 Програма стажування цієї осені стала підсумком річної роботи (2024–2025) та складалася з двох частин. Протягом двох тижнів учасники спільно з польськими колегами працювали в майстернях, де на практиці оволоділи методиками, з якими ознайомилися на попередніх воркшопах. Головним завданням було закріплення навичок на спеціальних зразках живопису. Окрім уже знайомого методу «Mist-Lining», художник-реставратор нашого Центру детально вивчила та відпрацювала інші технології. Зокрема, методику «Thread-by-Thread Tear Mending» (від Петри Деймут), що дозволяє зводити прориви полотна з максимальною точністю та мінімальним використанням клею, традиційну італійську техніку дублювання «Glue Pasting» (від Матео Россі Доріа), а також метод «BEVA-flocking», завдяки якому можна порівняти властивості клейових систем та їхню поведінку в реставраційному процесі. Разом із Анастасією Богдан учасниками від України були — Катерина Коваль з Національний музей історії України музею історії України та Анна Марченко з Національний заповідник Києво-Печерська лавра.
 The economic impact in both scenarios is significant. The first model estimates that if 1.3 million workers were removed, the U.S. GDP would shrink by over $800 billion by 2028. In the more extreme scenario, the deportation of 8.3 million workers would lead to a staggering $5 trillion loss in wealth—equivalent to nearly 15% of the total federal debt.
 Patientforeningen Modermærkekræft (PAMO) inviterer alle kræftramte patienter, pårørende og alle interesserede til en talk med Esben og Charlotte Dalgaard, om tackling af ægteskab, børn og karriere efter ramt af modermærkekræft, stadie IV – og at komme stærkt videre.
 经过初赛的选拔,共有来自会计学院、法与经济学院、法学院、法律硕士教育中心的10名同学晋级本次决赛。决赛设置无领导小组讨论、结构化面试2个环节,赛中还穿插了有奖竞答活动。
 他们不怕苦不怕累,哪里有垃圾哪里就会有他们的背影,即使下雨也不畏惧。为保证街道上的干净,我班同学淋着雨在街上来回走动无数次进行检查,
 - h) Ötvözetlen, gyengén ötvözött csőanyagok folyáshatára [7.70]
***
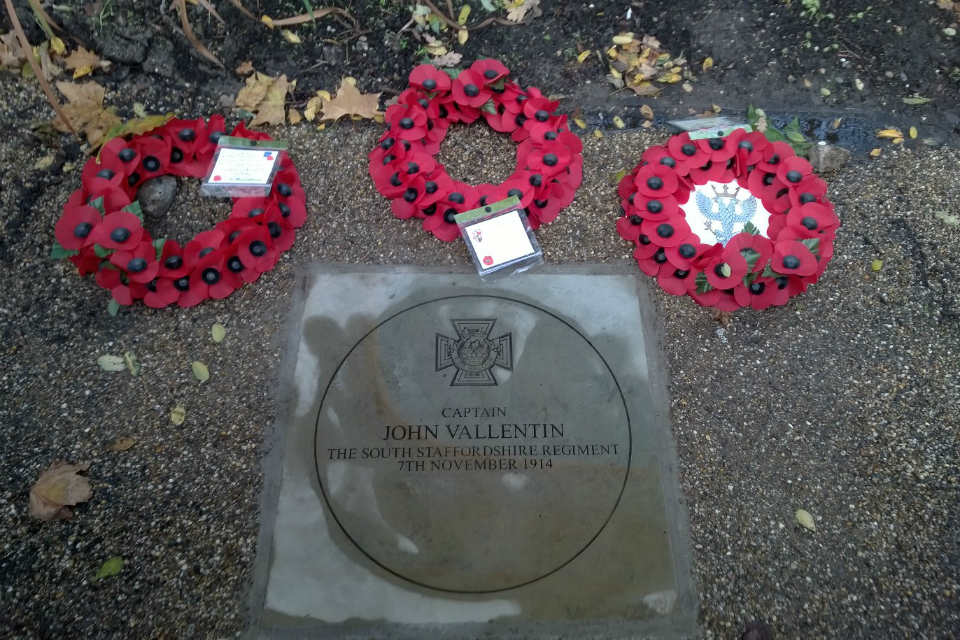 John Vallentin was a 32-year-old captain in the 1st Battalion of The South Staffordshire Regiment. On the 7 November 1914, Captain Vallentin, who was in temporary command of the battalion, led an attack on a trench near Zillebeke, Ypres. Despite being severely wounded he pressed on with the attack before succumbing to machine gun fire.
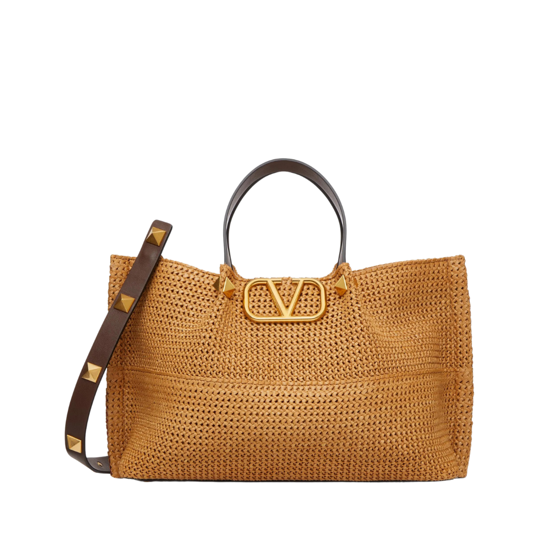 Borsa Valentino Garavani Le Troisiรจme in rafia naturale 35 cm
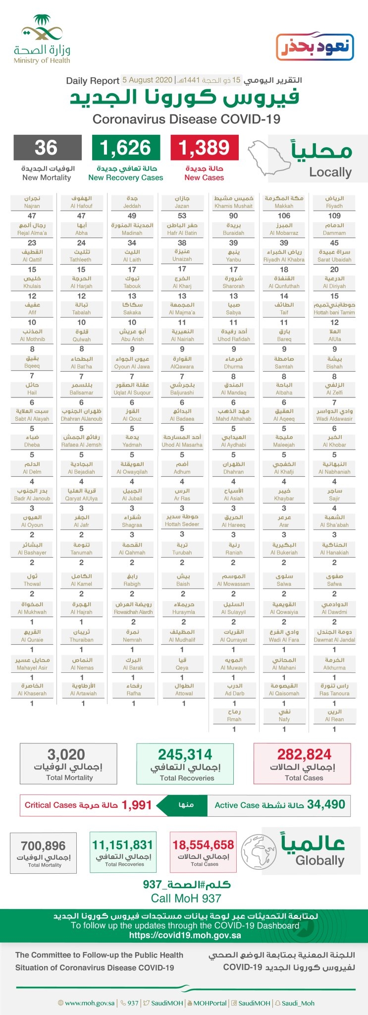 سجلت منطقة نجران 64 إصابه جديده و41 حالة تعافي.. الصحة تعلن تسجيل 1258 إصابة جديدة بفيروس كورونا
***
» **Required action**:
Copy exactly the lines of the entries above from the one containing "John Vallentin was" through the one containing "سجلت منطقة نجران". Both end lines count; pictures do not.

» **Task answer**:
 John Vallentin was a 32-year-old captain in the 1st Battalion of The South Staffordshire Regiment. On the 7 November 1914, Captain Vallentin, who was in temporary command of the battalion, led an attack on a trench near Zillebeke, Ypres. Despite being severely wounded he pressed on with the attack before succumbing to machine gun fire.
 Borsa Valentino Garavani Le Troisiรจme in rafia naturale 35 cm
 سجلت منطقة نجران 64 إصابه جديده و41 حالة تعافي.. الصحة تعلن تسجيل 1258 إصابة جديدة بفيروس كورونا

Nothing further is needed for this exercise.